- [TASK MATERIAL]
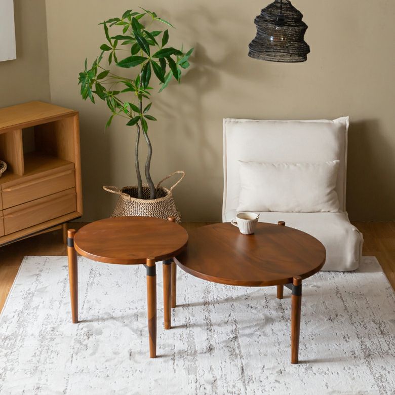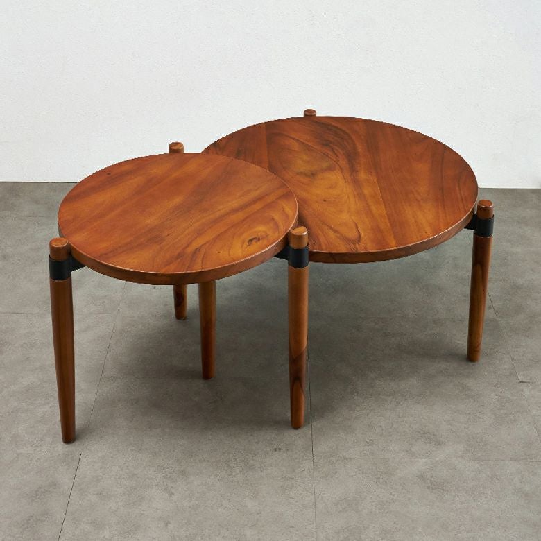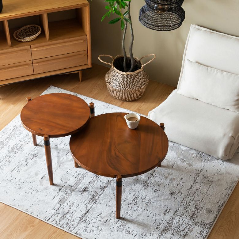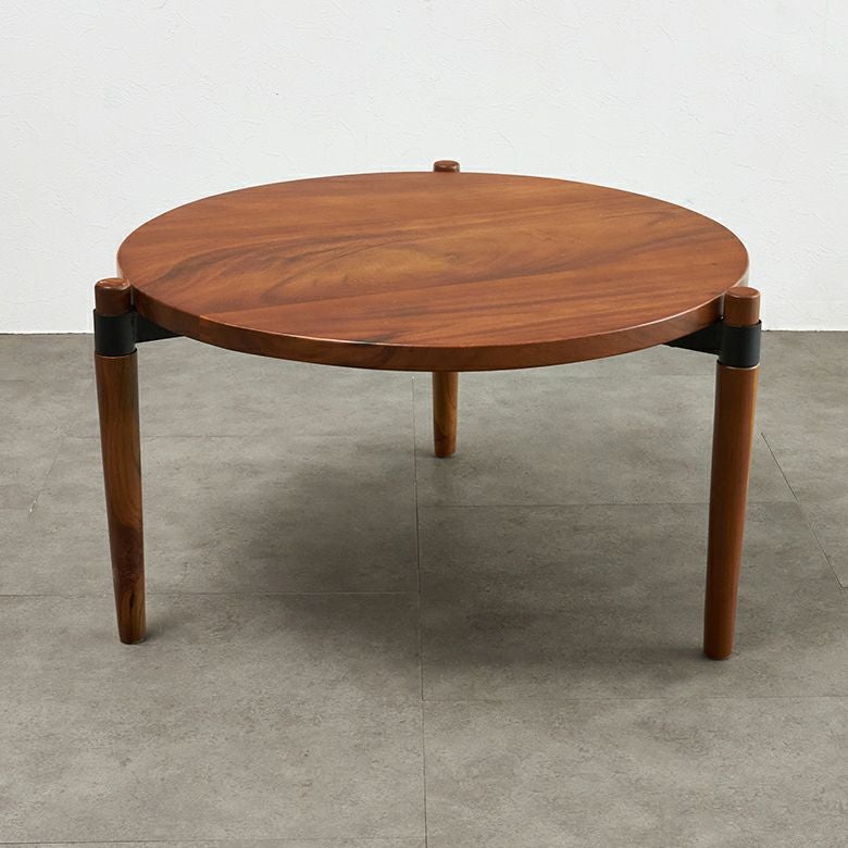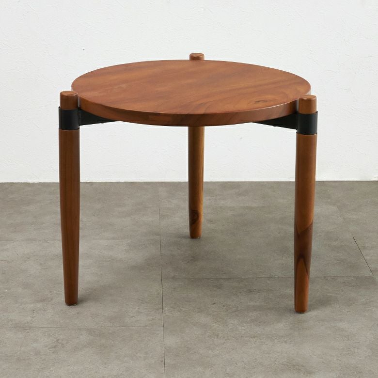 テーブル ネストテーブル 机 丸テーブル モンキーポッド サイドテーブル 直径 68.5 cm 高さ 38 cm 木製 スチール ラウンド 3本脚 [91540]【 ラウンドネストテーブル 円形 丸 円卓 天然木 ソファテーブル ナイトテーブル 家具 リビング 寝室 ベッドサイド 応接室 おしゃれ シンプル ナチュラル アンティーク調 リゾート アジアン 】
---
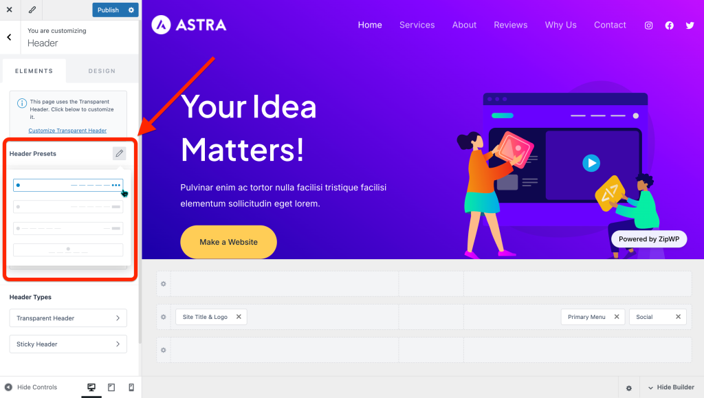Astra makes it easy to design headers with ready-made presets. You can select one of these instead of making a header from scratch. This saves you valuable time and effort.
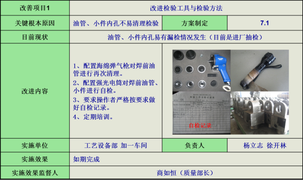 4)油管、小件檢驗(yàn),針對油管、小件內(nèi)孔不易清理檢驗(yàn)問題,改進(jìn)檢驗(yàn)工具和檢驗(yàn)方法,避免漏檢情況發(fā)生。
...
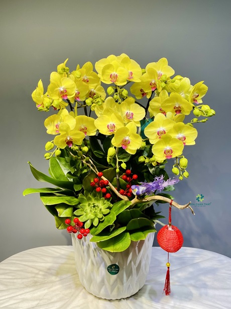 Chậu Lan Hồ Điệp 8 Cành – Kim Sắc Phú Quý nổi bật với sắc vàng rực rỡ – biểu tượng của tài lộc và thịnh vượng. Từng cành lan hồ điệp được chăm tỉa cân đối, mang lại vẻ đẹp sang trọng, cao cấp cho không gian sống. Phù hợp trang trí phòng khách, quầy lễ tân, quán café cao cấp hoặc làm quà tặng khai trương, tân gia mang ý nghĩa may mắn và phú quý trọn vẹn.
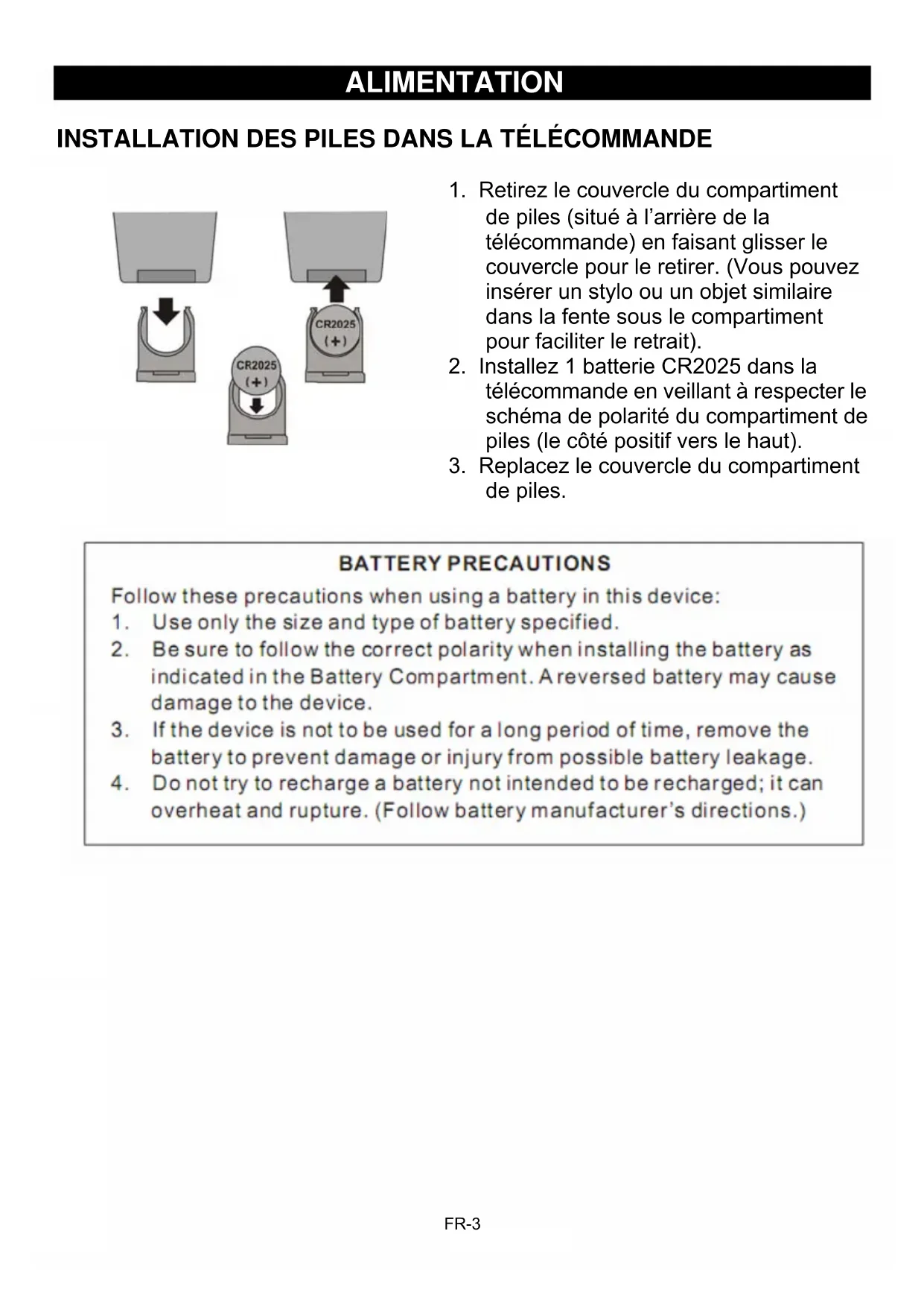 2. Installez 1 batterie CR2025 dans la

- [REQUIRED ACTION] In the listing above, find the line with "Chậu Lan Hồ" and the line with "2. Installez 1 batterie CR2025 dans la". Copy exactly those lines and all between them, minus the images.

- [SOLUTION FOR THIS PROBLEM]
 Chậu Lan Hồ Điệp 8 Cành – Kim Sắc Phú Quý nổi bật với sắc vàng rực rỡ – biểu tượng của tài lộc và thịnh vượng. Từng cành lan hồ điệp được chăm tỉa cân đối, mang lại vẻ đẹp sang trọng, cao cấp cho không gian sống. Phù hợp trang trí phòng khách, quầy lễ tân, quán café cao cấp hoặc làm quà tặng khai trương, tân gia mang ý nghĩa may mắn và phú quý trọn vẹn.
 2. Installez 1 batterie CR2025 dans la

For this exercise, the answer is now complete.